Extracted records:
────

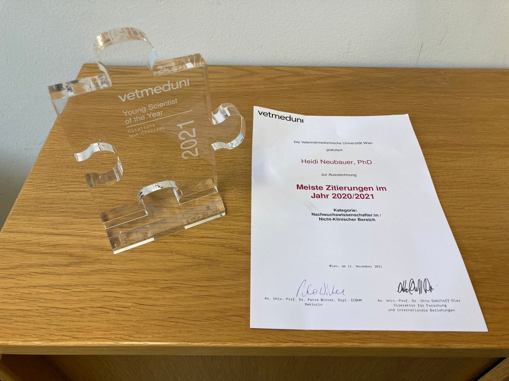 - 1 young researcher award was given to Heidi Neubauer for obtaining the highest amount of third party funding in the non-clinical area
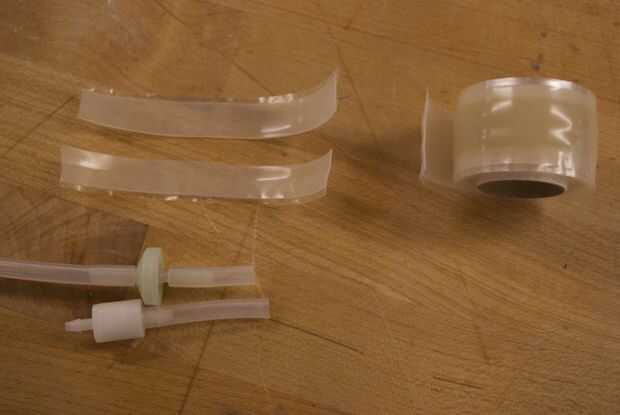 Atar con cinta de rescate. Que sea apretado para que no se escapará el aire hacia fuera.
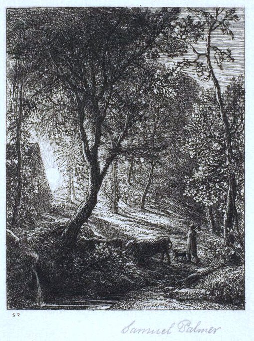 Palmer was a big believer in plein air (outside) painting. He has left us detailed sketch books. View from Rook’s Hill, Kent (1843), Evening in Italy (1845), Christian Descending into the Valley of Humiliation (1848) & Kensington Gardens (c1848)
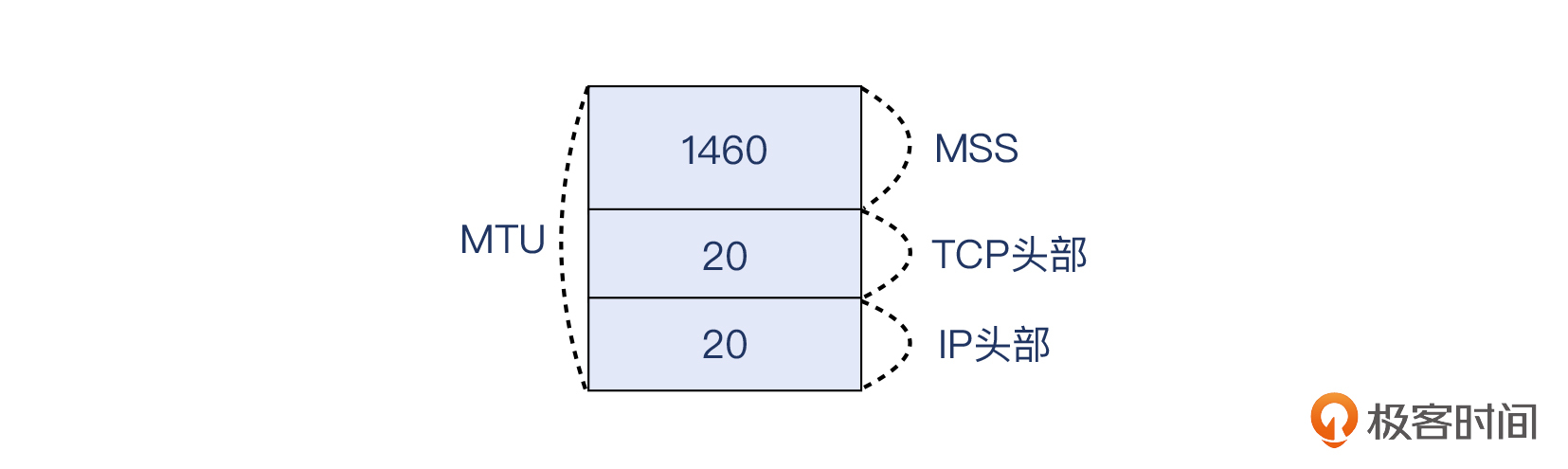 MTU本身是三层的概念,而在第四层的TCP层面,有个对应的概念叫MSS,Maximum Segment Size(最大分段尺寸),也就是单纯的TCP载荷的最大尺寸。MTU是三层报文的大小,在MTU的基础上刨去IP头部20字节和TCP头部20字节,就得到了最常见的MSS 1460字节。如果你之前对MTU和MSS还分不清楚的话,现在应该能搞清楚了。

────

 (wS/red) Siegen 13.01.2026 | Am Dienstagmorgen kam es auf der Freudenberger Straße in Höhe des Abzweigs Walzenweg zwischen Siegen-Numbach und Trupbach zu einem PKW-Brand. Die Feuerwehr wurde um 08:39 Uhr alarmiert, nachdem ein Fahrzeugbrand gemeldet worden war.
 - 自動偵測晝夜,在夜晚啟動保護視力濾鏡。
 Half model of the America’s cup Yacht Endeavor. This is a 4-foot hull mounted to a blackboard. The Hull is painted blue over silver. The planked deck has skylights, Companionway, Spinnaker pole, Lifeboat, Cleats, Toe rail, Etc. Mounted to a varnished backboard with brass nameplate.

────

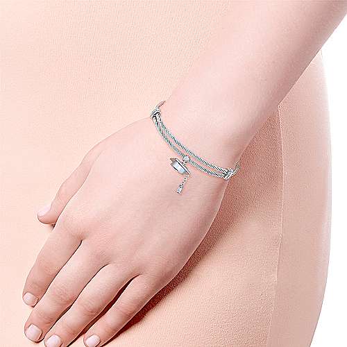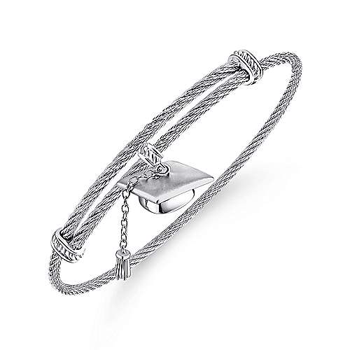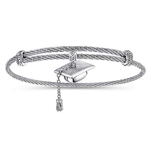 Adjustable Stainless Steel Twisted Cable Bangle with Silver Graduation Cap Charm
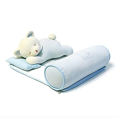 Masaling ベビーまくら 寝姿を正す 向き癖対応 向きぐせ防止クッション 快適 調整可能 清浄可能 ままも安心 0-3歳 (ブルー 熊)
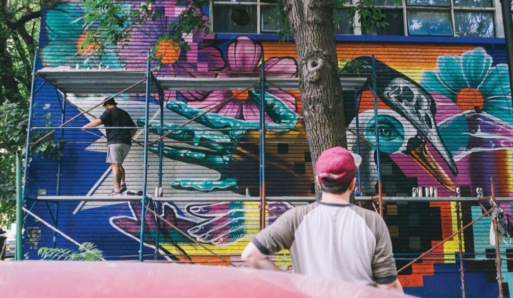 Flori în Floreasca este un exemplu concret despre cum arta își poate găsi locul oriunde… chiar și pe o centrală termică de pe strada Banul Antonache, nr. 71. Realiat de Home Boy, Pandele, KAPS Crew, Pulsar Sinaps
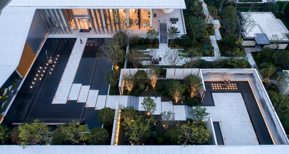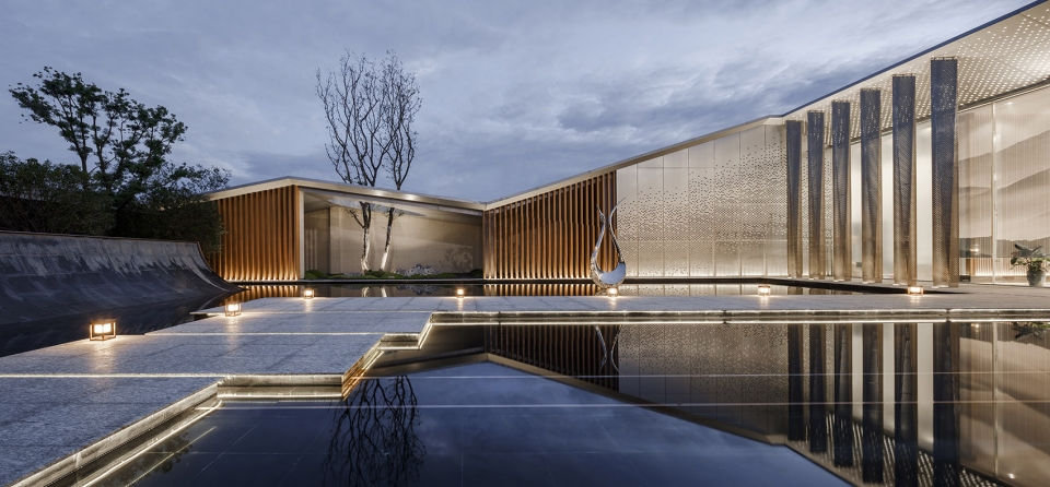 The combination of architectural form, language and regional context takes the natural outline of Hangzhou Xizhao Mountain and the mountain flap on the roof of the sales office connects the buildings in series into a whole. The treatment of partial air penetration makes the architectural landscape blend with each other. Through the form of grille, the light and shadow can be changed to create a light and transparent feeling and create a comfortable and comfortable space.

────

Exact repeat of the material above: every line from the one with "Masaling ベビーまくら 寝姿を正す" through the one with "The combination of", endpoints included, and nothing more. No pictures.

Answer to the problem:
 Masaling ベビーまくら 寝姿を正す 向き癖対応 向きぐせ防止クッション 快適 調整可能 清浄可能 ままも安心 0-3歳 (ブルー 熊)
 Flori în Floreasca este un exemplu concret despre cum arta își poate găsi locul oriunde… chiar și pe o centrală termică de pe strada Banul Antonache, nr. 71. Realiat de Home Boy, Pandele, KAPS Crew, Pulsar Sinaps
 The combination of architectural form, language and regional context takes the natural outline of Hangzhou Xizhao Mountain and the mountain flap on the roof of the sales office connects the buildings in series into a whole. The treatment of partial air penetration makes the architectural landscape blend with each other. Through the form of grille, the light and shadow can be changed to create a light and transparent feeling and create a comfortable and comfortable space.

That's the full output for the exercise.